"Everything's connected," as my father likes to tell me. And good quality hair clips are no exception, of course.
Bear with me on this and you'll see how small details can indeed matter. Even in an incident of violent crime.
You Can Become a Victim AnywhereA couple weeks ago I became a crime statistic.
If you've been following my blog or emails for a while, you probably know that I am a bit keen on figure skating. I skate 3-4 days every week and I have hopes of competing in the British Nationals next year (at a low level, though - I'm not that good!)
So I was squeezing in a short practice at the ice rink during the public session in the afternoon when a group of five young teenagers decided they took a dislike to me.
They had been fooling around on the ice earlier playing a dangerous game and the management had very strongly told them off. They were actually lucky that they hadn't been banned.
They subsequently decided that I had been the one that had "grassed them up." Which I hadn't.
When I later stepped off the ice to get a drink from my bag, two girls from the group skated up and shouted at me, demanding to know why I had reported them. This became more heated, even as I explained management had CC TV covering the ice and everyone had seen them.
The girls swore at me and one then threw a water bottle cap in my face before skating off.
I figured that was the end of the matter. As they were clearly not afraid of threatening behaviour, I decided it was unsafe to return to the ice with them around. Not wanting another confrontation, I took my skates off and packed my bag to leave.
It is my habit to keep my skatebag near one of the side fire exits. This is because I can put my skates on close to the gate and it is only two steps from the bench onto the ice. This helps keep my blades sharp. Unfortunately is also a corner of the ice rink that is rather isolated.
As I stood to go, the two girls stepped into this corner and positioned themselves, blocking both exit passages.
I approached one of the girls as I made my way to leave, and put a hand on her wrist so I could pass.
"Don't you push me," she said.
"I'm not pushing anyone," I replied, and firmly holding her wrist I moved her arm aside and stepped through.
"Where are you going?" she shouted after me.
I said nothing and suddenly I was punched in the back.
Never Underestimate Your OpponentI'm sure with my grey hair I probably appeared to this girl like a weak target. She had no way of guessing that I train to fight in both karate and kickboxing three days a week and I have one hell of a reverse punch.
I spun around, and without thinking grabbed her upraised arm. I was about to follow through on what would have been for me the instinctive and well-practiced second strike.
She was in a bad position, physically weak, on skates with poor balance, standing at the top of a set of stairs.
"What, think you're tough?" she spat into my face. And thank goodness she did.
I immediately recognised that this girl had her blood up and was only interested in escalating the fight.
The image that immediately came to my mind was a scene from the original Karate Kid film, where Mr Miagi councils his young student Daniel that "the best defence is to not be there."
I immediately released her, saying "No.
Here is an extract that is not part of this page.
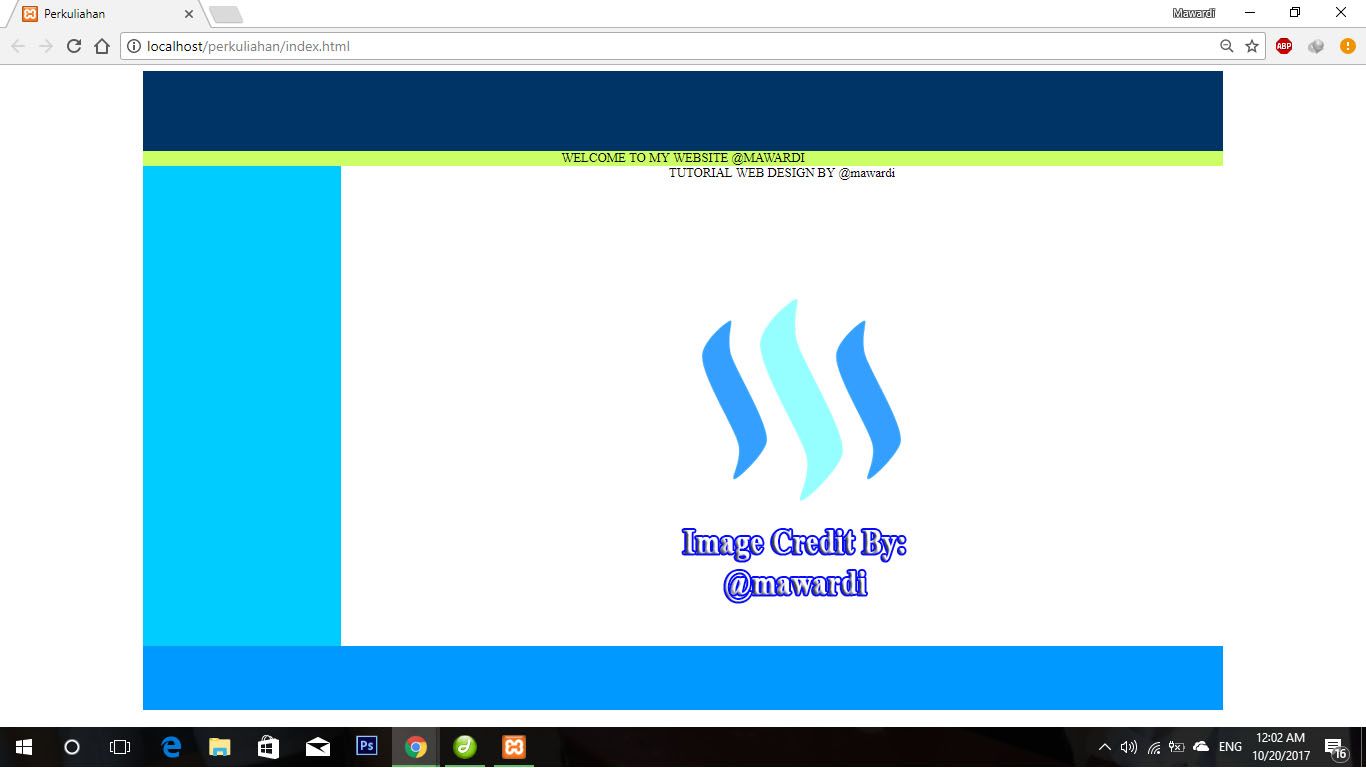 After you run its xampp and open mozila or google crome app then type http://localhost/perkuliahan/index.html .. then press enter then our website page will run in accordance with the results we have designed earlier ..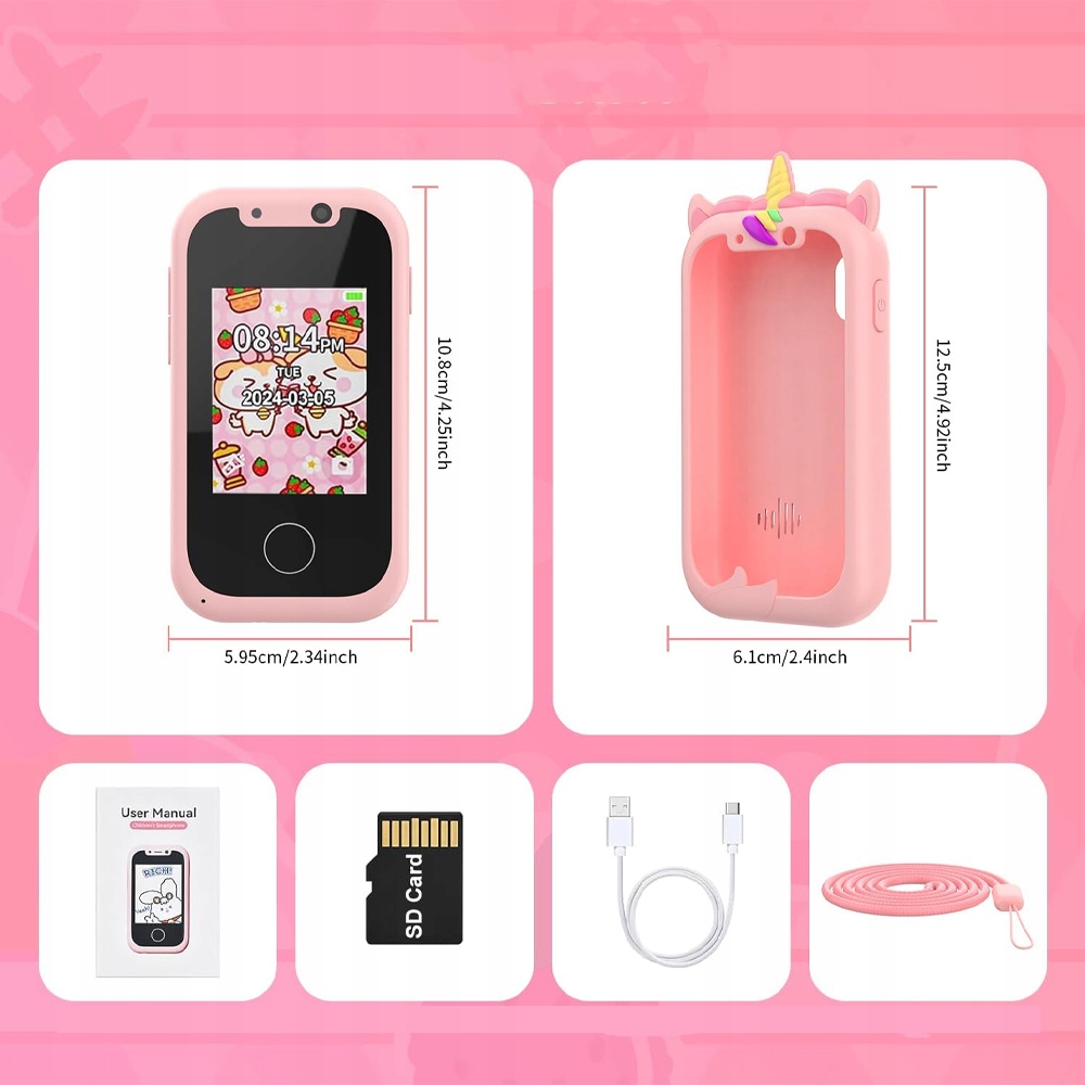 Цей дитячий смартфон оснащений передньою та задньою камерою з 28 чарівними кадрами мультфільмів, 8,0 мегапікселів та 1080p відеофункцій. Діти можуть робити веселі фотографії з родиною, друзями та самостійним часом у будь -якому місці та часу. Завдяки міцному повідку діти можуть записувати спогади в будь -якому місці та часу.

I'm not tough. I'm going."
Then I turned my back to her and started walking away.
Now this was very risky for me.
Because, and this is important, I didn't have my hair up in a good hair clip.
Long Hair Can Be a LiabilityMy biggest worry as I turned from this girl was that she would go for my hair. When I later talked about the assault with my karate teacher he agreed that was the point when I was possibly the most vulnerable.
If she had got my hair and used that advantage to get me to the ground, with them wearing ice skates it would have gone very badly for me.
She hit me twice more in the back as I walked away, but she was fortunately hobbled by her skates as her friends called for her to leave me.
I reported the incident to the children's teachers (who were having tea and a nice chat in the cafe), and to the management. Then I left.
After getting home I phoned my husband, then the police and officially joined the massive pool of statistics recording violent crime.
What I learned by becoming a crime statisticI have two lessons from this experience that I want to impress upon you:
1. Every woman should take up a real martial arts course. Not some girly "punch in the air" boxercise class at the gym. A proper course where you repeat "double jab, cross, duck, hook, reverse" over and over and over until you can do it instinctively both with power and speed. You might just need it. Plus your husband will probably thinks it really cool.
2. Have a good hair clip, for crying out loud. Not only does it keep your hair out of your way and looking good, whether you are battling work colleagues or feral teenagers, once you're a bit handy with your left hook punch a strong barrette or beak clip makes for a nasty, nasty weapon.
And I can almost guarantee your assailant will be extremely surprised to find you suddenly armed.